The Double Comfort Safari Club
- First edition
- Author: Alexander McCall Smith
- Language: English
- Series: The No. 1 Ladies' Detective Agency
- Genre: Mystery
- Publisher: Little, Brown
- Publication date: 2010
- Publication place: Scotland
- Pages: 256
- ISBN: 978-1408701065
- Preceded by: Tea Time for the Traditionally Built (2009)
- Followed by: The Saturday Big Tent Wedding Party (2011)

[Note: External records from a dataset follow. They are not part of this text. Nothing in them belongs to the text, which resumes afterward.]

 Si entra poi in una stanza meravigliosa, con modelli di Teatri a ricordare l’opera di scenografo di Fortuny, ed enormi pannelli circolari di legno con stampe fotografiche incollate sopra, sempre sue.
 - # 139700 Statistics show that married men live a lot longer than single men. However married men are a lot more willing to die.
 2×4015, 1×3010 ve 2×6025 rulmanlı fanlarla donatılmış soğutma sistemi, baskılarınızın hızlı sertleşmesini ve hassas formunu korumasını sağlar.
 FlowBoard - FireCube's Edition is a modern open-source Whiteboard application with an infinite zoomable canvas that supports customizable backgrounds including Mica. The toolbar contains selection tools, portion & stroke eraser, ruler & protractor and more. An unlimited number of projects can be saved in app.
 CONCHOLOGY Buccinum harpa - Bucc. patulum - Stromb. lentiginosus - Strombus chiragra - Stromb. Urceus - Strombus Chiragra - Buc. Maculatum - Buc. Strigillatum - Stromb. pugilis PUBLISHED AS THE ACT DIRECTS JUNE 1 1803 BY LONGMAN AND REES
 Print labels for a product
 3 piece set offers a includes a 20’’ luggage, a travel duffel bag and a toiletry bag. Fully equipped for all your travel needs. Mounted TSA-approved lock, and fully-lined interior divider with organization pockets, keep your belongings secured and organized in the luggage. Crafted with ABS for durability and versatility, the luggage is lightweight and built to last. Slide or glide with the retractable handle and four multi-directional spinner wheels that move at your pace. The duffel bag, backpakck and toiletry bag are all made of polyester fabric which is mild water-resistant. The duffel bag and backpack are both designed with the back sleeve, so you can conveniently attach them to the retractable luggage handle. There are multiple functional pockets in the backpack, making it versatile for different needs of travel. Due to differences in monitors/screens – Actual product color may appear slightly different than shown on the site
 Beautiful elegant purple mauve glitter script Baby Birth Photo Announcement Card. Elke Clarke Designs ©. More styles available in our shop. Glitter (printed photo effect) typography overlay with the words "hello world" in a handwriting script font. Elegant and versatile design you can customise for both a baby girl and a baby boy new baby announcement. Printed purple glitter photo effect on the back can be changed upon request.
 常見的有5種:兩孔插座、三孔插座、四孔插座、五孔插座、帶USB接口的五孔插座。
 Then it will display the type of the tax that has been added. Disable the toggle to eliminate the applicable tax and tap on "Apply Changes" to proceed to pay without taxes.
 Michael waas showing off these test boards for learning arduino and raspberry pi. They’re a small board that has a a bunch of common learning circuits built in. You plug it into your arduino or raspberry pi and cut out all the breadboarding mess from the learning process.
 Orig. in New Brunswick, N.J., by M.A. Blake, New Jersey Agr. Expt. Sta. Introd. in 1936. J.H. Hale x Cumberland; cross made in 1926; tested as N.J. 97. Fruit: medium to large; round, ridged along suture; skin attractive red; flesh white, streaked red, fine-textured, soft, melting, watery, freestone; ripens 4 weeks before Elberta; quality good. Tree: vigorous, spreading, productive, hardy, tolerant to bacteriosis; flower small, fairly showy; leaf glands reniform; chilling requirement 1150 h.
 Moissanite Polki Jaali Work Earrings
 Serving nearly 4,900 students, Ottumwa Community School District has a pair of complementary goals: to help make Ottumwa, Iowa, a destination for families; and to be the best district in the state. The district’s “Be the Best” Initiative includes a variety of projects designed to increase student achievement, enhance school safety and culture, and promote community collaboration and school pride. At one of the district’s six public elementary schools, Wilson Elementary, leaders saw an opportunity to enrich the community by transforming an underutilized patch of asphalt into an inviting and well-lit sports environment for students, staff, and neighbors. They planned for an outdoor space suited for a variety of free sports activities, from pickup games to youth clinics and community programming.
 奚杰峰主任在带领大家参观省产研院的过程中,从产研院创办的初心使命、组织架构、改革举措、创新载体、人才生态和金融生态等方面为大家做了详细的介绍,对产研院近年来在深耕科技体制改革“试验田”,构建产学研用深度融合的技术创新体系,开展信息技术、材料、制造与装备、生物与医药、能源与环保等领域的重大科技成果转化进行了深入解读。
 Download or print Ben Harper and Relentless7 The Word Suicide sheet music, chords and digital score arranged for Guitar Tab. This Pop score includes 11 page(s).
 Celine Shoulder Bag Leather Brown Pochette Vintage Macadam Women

= The Double Comfort Safari Club =

The Double Comfort Safari Club, published in 2010, is the eleventh in The No. 1 Ladies' Detective Agency series of novels by Alexander McCall Smith, set in Gaborone, Botswana, and featuring the Motswana protagonist Precious Ramotswe.

==Plot summary==
Mma Ramotswe and Mma Makutsi are called to a safari lodge in Botswana's Okavango Delta to carry out a delicate mission on behalf of a former guest. The Okavango makes Precious appreciate once again the beauty of her homeland: it is a paradise of teeming wildlife, majestic grasslands and sparkling water. However, it is also home to rival safari operators, fearsome crocodiles and disgruntled hippopotamuses. What is more, Mma Makutsi still has not set a date for her wedding to Phuti Radiphuti and is feeling rather tetchy herself, not least because of Phuti's possessive aunt. But Precious knows that with a little patience, just as the wide river will gently make its way round any obstacle, so will everything work out for the best in the end.